_DATA EXCERPT_
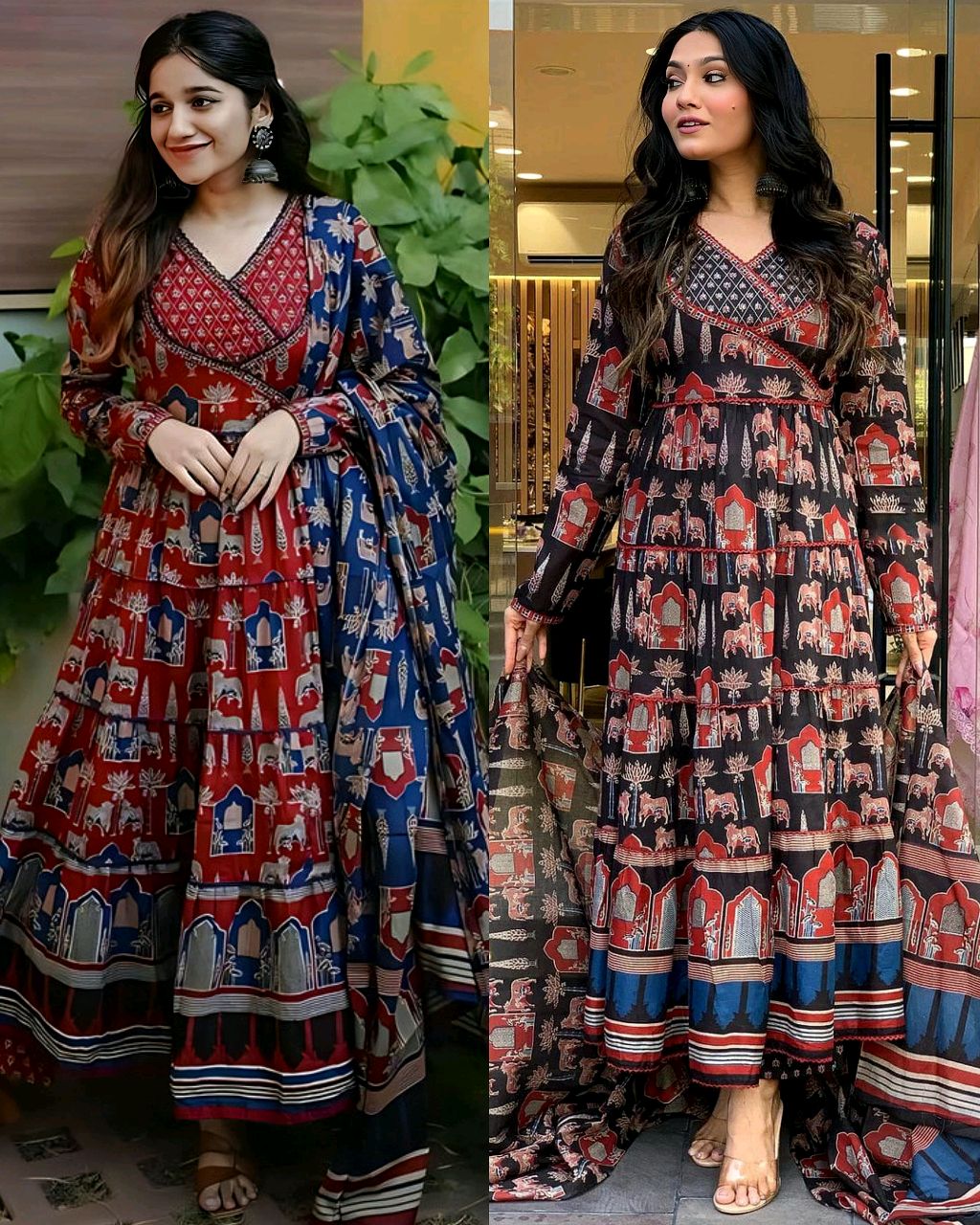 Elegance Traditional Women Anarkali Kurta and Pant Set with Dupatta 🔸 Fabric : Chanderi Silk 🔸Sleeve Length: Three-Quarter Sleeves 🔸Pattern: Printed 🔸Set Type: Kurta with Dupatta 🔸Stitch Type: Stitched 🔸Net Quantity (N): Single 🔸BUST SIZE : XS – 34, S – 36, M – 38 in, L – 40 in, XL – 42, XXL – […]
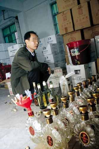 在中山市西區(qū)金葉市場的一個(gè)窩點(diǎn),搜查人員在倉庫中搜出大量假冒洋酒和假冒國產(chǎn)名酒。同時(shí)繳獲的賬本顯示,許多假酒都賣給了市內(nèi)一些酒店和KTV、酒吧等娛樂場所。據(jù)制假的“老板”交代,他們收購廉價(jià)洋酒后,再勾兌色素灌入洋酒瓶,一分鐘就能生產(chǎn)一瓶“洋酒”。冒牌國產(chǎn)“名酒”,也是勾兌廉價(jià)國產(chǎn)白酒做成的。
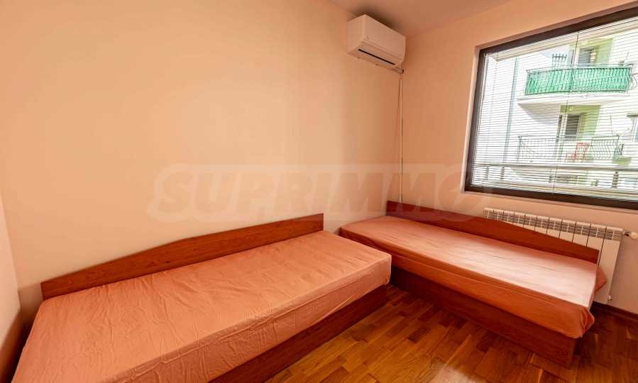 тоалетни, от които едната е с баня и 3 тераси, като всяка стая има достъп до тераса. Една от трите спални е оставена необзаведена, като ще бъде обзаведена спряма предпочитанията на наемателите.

_PROMPT_
Repeat every line above exactly, but omit all images.

_RESPONSE TO THIS TASK_
 Elegance Traditional Women Anarkali Kurta and Pant Set with Dupatta 🔸 Fabric : Chanderi Silk 🔸Sleeve Length: Three-Quarter Sleeves 🔸Pattern: Printed 🔸Set Type: Kurta with Dupatta 🔸Stitch Type: Stitched 🔸Net Quantity (N): Single 🔸BUST SIZE : XS – 34, S – 36, M – 38 in, L – 40 in, XL – 42, XXL – […]
 在中山市西區(qū)金葉市場的一個(gè)窩點(diǎn),搜查人員在倉庫中搜出大量假冒洋酒和假冒國產(chǎn)名酒。同時(shí)繳獲的賬本顯示,許多假酒都賣給了市內(nèi)一些酒店和KTV、酒吧等娛樂場所。據(jù)制假的“老板”交代,他們收購廉價(jià)洋酒后,再勾兌色素灌入洋酒瓶,一分鐘就能生產(chǎn)一瓶“洋酒”。冒牌國產(chǎn)“名酒”,也是勾兌廉價(jià)國產(chǎn)白酒做成的。
 тоалетни, от които едната е с баня и 3 тераси, като всяка стая има достъп до тераса. Една от трите спални е оставена необзаведена, като ще бъде обзаведена спряма предпочитанията на наемателите.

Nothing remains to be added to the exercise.